━━━━━ INPUT FOR THIS TASK
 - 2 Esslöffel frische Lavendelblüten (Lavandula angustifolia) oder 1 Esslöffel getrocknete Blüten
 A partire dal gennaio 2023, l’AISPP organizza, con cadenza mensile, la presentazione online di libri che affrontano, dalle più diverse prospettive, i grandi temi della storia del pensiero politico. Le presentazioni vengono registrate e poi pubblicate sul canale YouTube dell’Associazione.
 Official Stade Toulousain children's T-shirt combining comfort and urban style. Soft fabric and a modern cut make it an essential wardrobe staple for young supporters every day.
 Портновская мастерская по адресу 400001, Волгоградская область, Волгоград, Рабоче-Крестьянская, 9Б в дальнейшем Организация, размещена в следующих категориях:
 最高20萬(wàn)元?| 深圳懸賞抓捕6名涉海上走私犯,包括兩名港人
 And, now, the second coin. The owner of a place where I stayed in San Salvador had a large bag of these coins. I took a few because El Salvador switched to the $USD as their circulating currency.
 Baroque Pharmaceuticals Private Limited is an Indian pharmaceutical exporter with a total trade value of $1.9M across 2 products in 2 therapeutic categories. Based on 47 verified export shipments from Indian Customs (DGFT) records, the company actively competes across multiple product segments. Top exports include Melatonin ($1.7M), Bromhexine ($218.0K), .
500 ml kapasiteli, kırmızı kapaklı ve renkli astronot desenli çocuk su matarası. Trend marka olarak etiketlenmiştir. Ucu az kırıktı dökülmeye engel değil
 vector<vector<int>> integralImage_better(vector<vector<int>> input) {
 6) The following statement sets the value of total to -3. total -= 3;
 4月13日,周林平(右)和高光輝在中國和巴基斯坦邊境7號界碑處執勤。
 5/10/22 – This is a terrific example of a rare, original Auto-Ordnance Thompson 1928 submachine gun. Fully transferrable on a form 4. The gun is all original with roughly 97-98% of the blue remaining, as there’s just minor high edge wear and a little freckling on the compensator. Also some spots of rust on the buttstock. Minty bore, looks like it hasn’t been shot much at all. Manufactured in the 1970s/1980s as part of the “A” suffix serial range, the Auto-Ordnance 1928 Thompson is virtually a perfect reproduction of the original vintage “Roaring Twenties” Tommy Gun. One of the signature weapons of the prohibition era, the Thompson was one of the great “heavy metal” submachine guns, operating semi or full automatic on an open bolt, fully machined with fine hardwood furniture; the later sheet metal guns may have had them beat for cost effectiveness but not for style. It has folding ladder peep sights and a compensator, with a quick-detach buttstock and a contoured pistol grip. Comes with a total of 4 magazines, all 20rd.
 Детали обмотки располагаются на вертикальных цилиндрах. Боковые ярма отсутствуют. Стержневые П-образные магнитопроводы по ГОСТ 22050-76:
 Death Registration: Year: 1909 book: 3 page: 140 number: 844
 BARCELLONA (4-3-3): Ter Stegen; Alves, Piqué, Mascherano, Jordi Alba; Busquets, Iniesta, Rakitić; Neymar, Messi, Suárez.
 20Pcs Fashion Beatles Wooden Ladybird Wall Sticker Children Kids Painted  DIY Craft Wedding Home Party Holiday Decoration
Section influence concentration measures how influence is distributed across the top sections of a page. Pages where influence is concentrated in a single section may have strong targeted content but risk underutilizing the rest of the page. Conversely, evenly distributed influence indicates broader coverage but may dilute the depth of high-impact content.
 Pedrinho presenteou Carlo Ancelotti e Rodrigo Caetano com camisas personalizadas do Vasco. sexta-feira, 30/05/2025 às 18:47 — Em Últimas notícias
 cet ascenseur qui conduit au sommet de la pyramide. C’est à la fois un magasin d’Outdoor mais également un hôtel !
━━━━━━━━━━
= WHAT IS NEEDED =
Wherever the string "have" occurs in the records above, copy that line.

= EXERCISE RESULT =
 5/10/22 – This is a terrific example of a rare, original Auto-Ordnance Thompson 1928 submachine gun. Fully transferrable on a form 4. The gun is all original with roughly 97-98% of the blue remaining, as there’s just minor high edge wear and a little freckling on the compensator. Also some spots of rust on the buttstock. Minty bore, looks like it hasn’t been shot much at all. Manufactured in the 1970s/1980s as part of the “A” suffix serial range, the Auto-Ordnance 1928 Thompson is virtually a perfect reproduction of the original vintage “Roaring Twenties” Tommy Gun. One of the signature weapons of the prohibition era, the Thompson was one of the great “heavy metal” submachine guns, operating semi or full automatic on an open bolt, fully machined with fine hardwood furniture; the later sheet metal guns may have had them beat for cost effectiveness but not for style. It has folding ladder peep sights and a compensator, with a quick-detach buttstock and a contoured pistol grip. Comes with a total of 4 magazines, all 20rd.
Section influence concentration measures how influence is distributed across the top sections of a page. Pages where influence is concentrated in a single section may have strong targeted content but risk underutilizing the rest of the page. Conversely, evenly distributed influence indicates broader coverage but may dilute the depth of high-impact content.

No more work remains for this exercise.